Material provided |
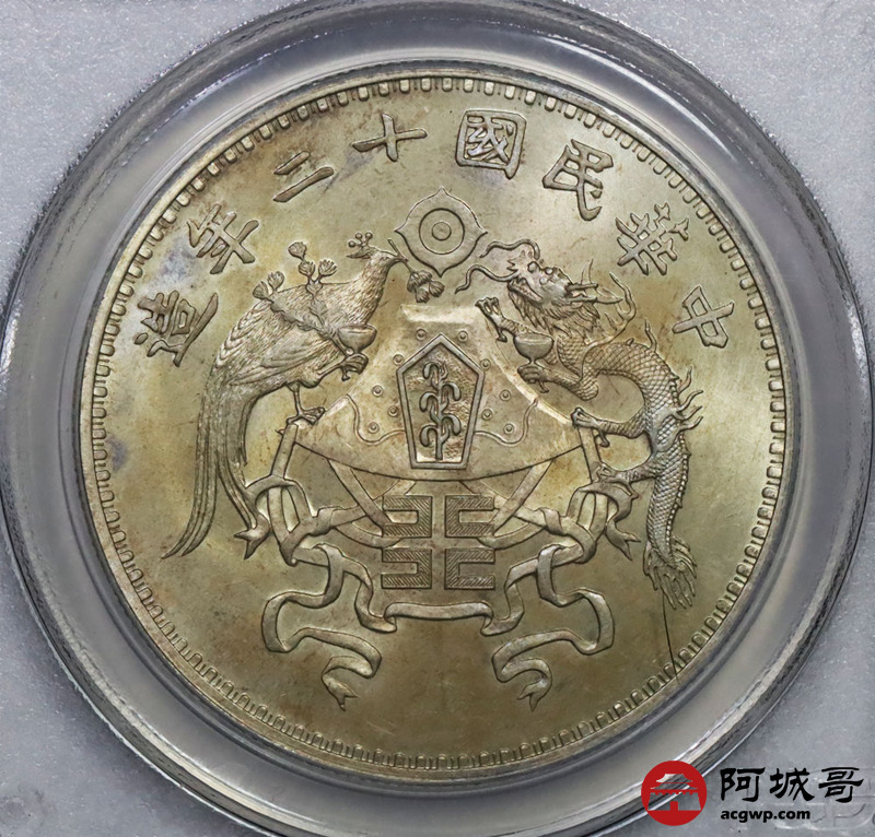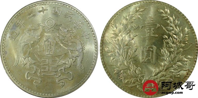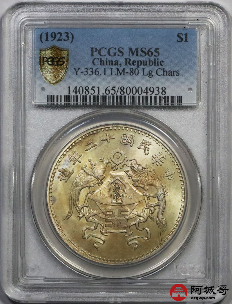 Lot:13 黄油车轮光 民国十二年龙凤大字壹圆 PCGS MS65
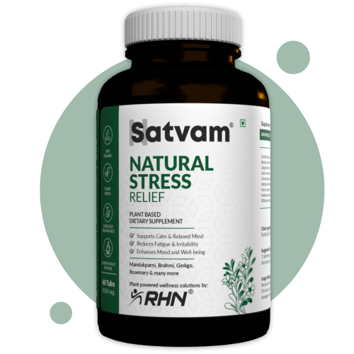 Satvam’s Natural Stress Relief product is a plant-based formulation that contains key ingredients like shankhpushpi, valerian, brahmi, and ginseng. These ingredients manage stress and anxiety by stabilizing the hormones and improving blood circulation to the brain. Additionally, improves mental focus and attention.
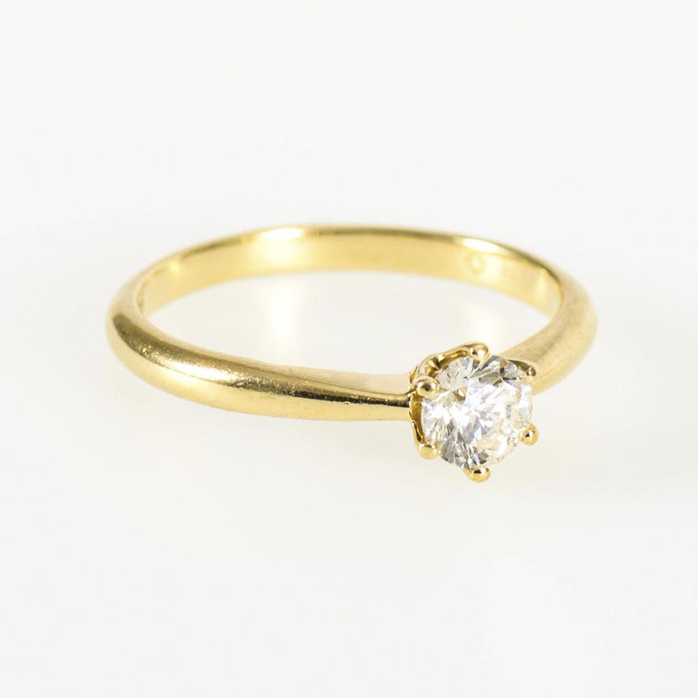 Gelbgold 585 gestempelt. Brillant ca. 0,50 ct/Weiß/PI. Ringgröße 57. 2,6 g.
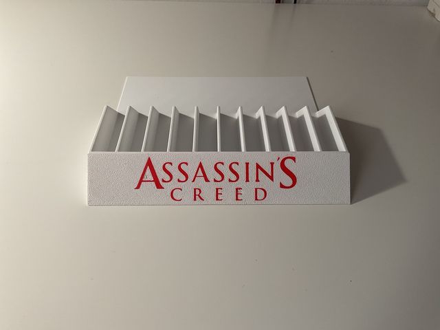 Detalles del productoSoporte para juegos de PS4 con diseño de Assassin's Creed. Ideal para organizar tu colección. Hecho con impresora 3D

Task directions | In your copy, leave out the pictures and reproduce the material above exactly.

Task solution |
 Lot:13 黄油车轮光 民国十二年龙凤大字壹圆 PCGS MS65
 Satvam’s Natural Stress Relief product is a plant-based formulation that contains key ingredients like shankhpushpi, valerian, brahmi, and ginseng. These ingredients manage stress and anxiety by stabilizing the hormones and improving blood circulation to the brain. Additionally, improves mental focus and attention.
 Gelbgold 585 gestempelt. Brillant ca. 0,50 ct/Weiß/PI. Ringgröße 57. 2,6 g.
 Detalles del productoSoporte para juegos de PS4 con diseño de Assassin's Creed. Ideal para organizar tu colección. Hecho con impresora 3D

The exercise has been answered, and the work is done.